The same group of people running wikipedia now, can reproduce their own view of the world in the above setup, and their fans can use it.
Any other group can also create their view of things. There is going to be one most popular view of things. But there could also be a one armed economists' view of modern dance filter of the knowledge pool.
How to deal with spammer or trolls? In addition to voting and filtering, top notch text compression and time based moving of the least often visited articles to slower and cheaper storage.
The slowest and cheapest storage we have, combined with how well we can compress text, in my opinion, results in almost unlimited capacity to store text. And thus notoriety should not be a concern. Leave that to paper encyclopedias.
> Articles are cryptographically signed by authors.
This would significantly up the hurdle for doing edits and, given the meager popularity of PGP, not really pin down a person. But fair, I'd like to see that as a feature.
> Articles are not editable after publication. Edits result in new articles.
I don't see how this is different to a version history. For the most part, people just want the newest information; if a specific revision is needed, you can already direct-link to that.
> Articles have a unique and unchanging url.
Again doable via direct links. I see why you'd want to use that, but if I link (for example) my town, I want people to get the best info about my town and not that version I saw at that moment, unless I'm talking about edits specifically - in which case I'll link a revision. Of course, this requirement satisfies the crypto nerd in us, but it's really going against the usability here for hardly any gain whatsoever.

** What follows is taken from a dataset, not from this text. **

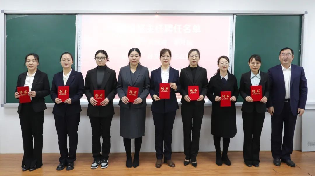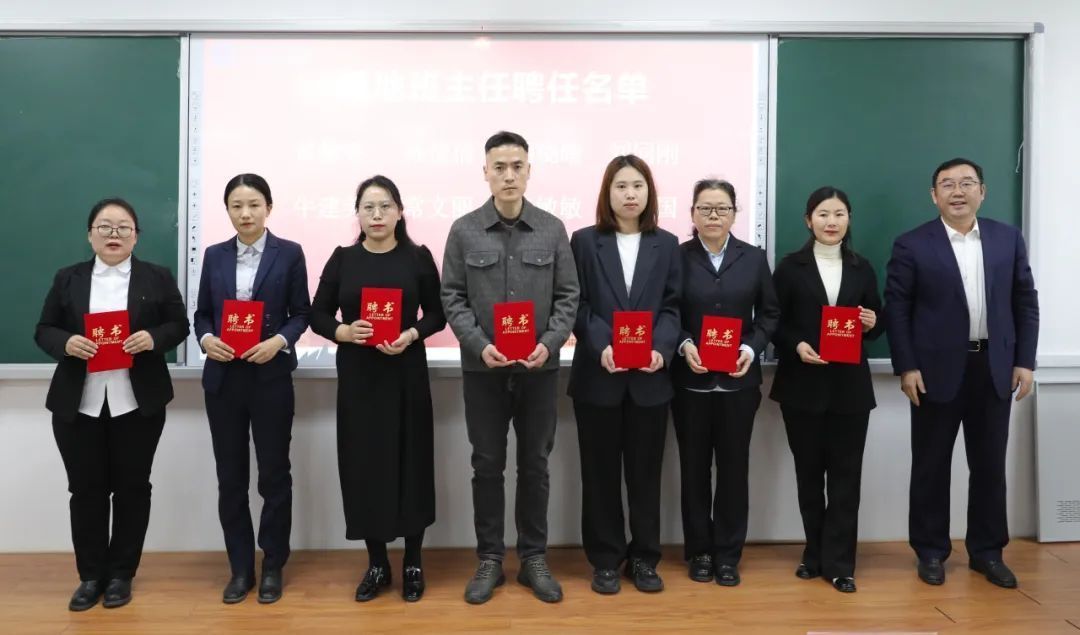 会上举行了基地班主任聘任仪式,王东为17 位基地班主任颁发聘书。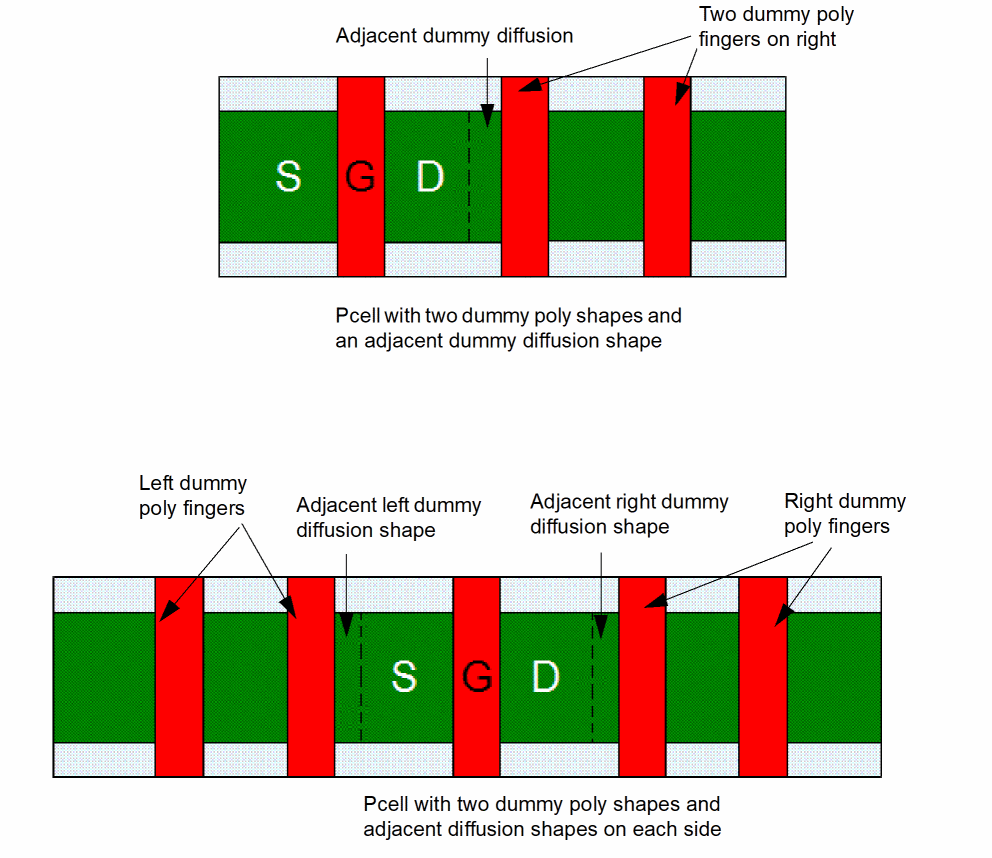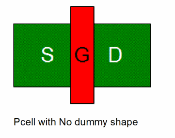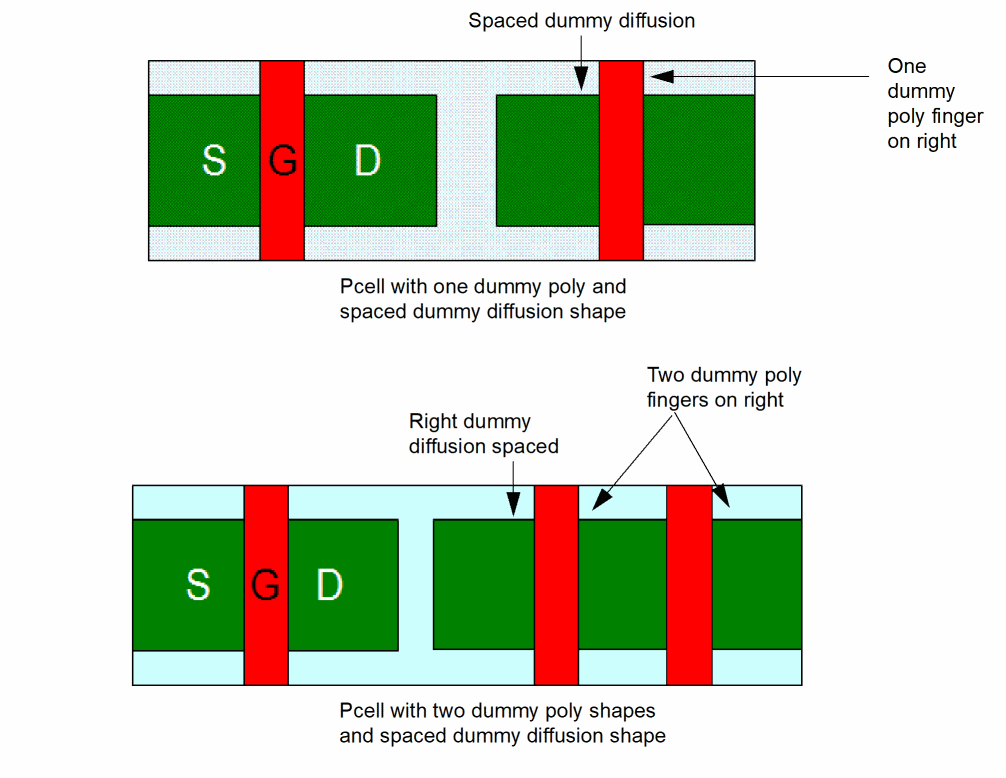 In the figure below, the Pcell at the top has a single dummy poly shape and a dummy diffusion shape added. However, that the dummy diffusion shape is added at a distance from the transistor diffusion.

> Registered users can vote on articles.
Because that works so well for Reddit and all the other vote platforms. Or in science - see the replication crisis.
In all honesty, I think adding a popularity score into this is going to make things far worse. It'll just lead to repeating whatever happens to get votes, with everything else ignored. Why bother with the article of your town? No one cares about that, those two upvotes ... Let's go start an edit war over the birthday of a person!
> Registered users can create collections of existing articles. And those collections can be tread as an article.
Fair, but that's nothing that wouldn't be doable as of now.
> Articles can be filtered on popularity, and on popularity among select groups of authors, and on popularity among select groups of up-voters.
That'd be actually interesting, but I don't think it be worth the drawback of votes. Also, people which were set to that group or people which self-identify as that group?
Why not both. Self-identified groups and groups curated by someone else.
And on popularity, I just think of votes as one filter. For example, who and how decides what is the best info of your town? Latest? A filter. Most popular? Another filter. The exact link you sent. Also a filter. Liked by a selected group of people. Yet another filter.
I bet you could interact with telnet too.
Actually made me laugh
You allude to a government conspiracy but don't elaborate. You say you investigated this story, but don't describe your investigation (ie. Did you interview victims or did you read blogs online?). You mention this all happened on Wikipedia so presumably there exists some kind of paper trail, but you don't provide any supporting evidence. You describe "random objects" in your mail but don't describe them.
From the reader's perspective this story could be:
1. An unbiased account of a (unnamed) government unfairly wielding their influence over Wikipedia
2. The result of someone upset that their Pizzagate exposé wasn't being taken seriously on Wikipedia
3. An exercise in creative writing
Some kind of supporting evidence would greatly improve your comment.
If you want specifics, I suppose I could mail you those. I fully agree that the account sounds fantastical and psychotic, but it is what I was comfortable sharing. I also think it is a smart tactic if you wanted to discredit someone. I never told anyone close to me either and completely submitted after the article was deleted.